SC Sand
- Full name: Sportclub Sand 1946 e.V.
- Founded: 11 August 1946; 80 years ago
- Ground: ADAMS Arena (Willstätt)
- Capacity: 2,000
- Manager: Alexander Fischinger
- League: 2. Bundesliga
- 2025–26: 2. Bundesliga, 3rd of 14

= SC Sand =

German sport club from Willstätt, Baden-Württemberg

SC Sand is a German sport club from Willstätt, Baden-Württemberg. The club was founded on 11 August 1946 and competes in football, aerobics, judo, and qigong. The club is most known for its women's football section which plays in the 2. Bundesliga.

==Women's football==
The women's section was founded in July 1980. Two years later, they participated in league play. After two more years, they reached the Verbandsliga Südbaden, the then highest league. In 1992 the team won the Verbandsliga Championship and played a promotion playoff for the then active Bundesliga. The team lost however. In 1996 the team won the Verbandsliga again and won the promotion playoff. The team achieved a sixth-place finish in its southern Bundesliga division. As the Bundesliga merged both divisions, the team had to play a qualification-round in which the team got second out of four, thus failing to qualify for the next Bundesliga season. In 2004 the 2nd Bundesliga was founded and SC Sand has been playing there from the start achieving only midfield places.

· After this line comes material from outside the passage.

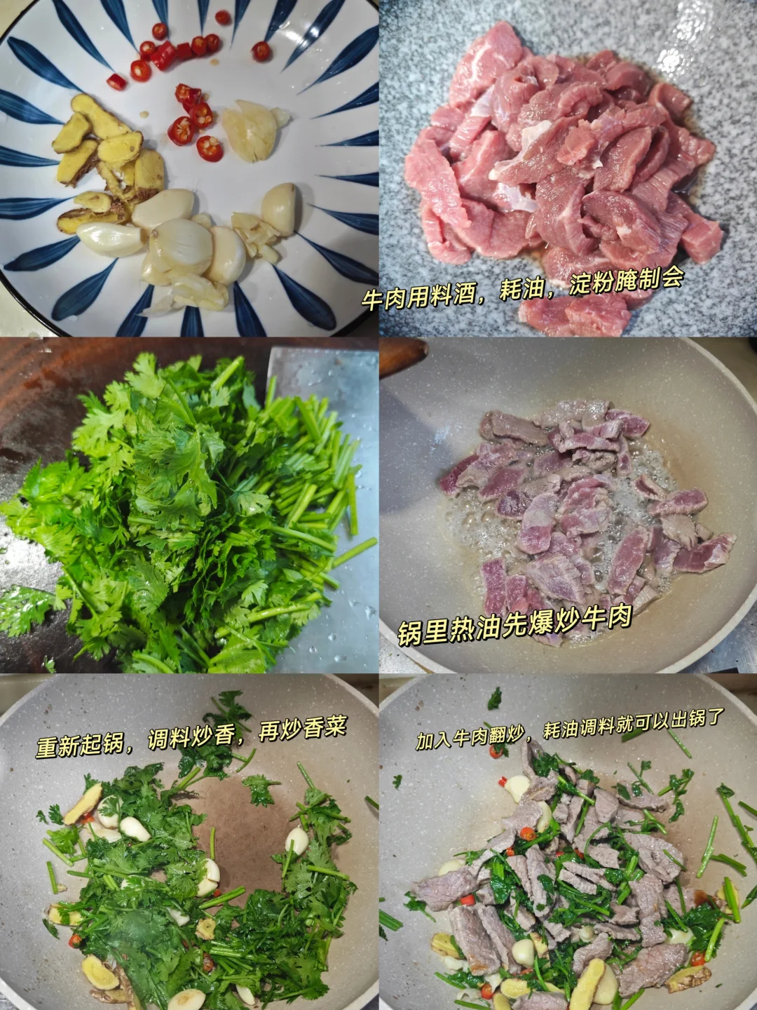 🐮牛肉有丰富的蛋白质,脂肪少,女朋友天天喊着要减肥,炒个牛肉肯定再适合不过了。 · ✅主要食材 鲜牛肉 香菜 蒜姜 小米辣 · ✅制作步骤 1⃣️牛肉切小片,在碗里加料酒耗油淀粉腌制下。酸菜洗净切好,其他调味料也准备好。 2⃣️锅里热油,牛肉先炒至褪色。 3⃣️重新起锅,把调味料在锅里炒出香味,加入香菜翻炒。 4⃣️再加入牛肉翻炒一下就好了,加点耗油可调味。 · ⚠️切薄片,牛肉很容易炒熟,所以这道菜上菜速度很快。 ·

In May 2014, the club was promoted to the Frauen-Bundesliga for the second time in its history. In April 2016, the club advanced to the final of the 2015/16 DFB Cup after a 2–1 victory over eventual German champions FC Bayern Munich, celebrating the greatest success in the club's history to date. On 21 May 2016, they lost the final 2–1 to VfL Wolfsburg. In 2017, they managed to repeat the past season's success in the cup but lost the final against Wolfsburg once again.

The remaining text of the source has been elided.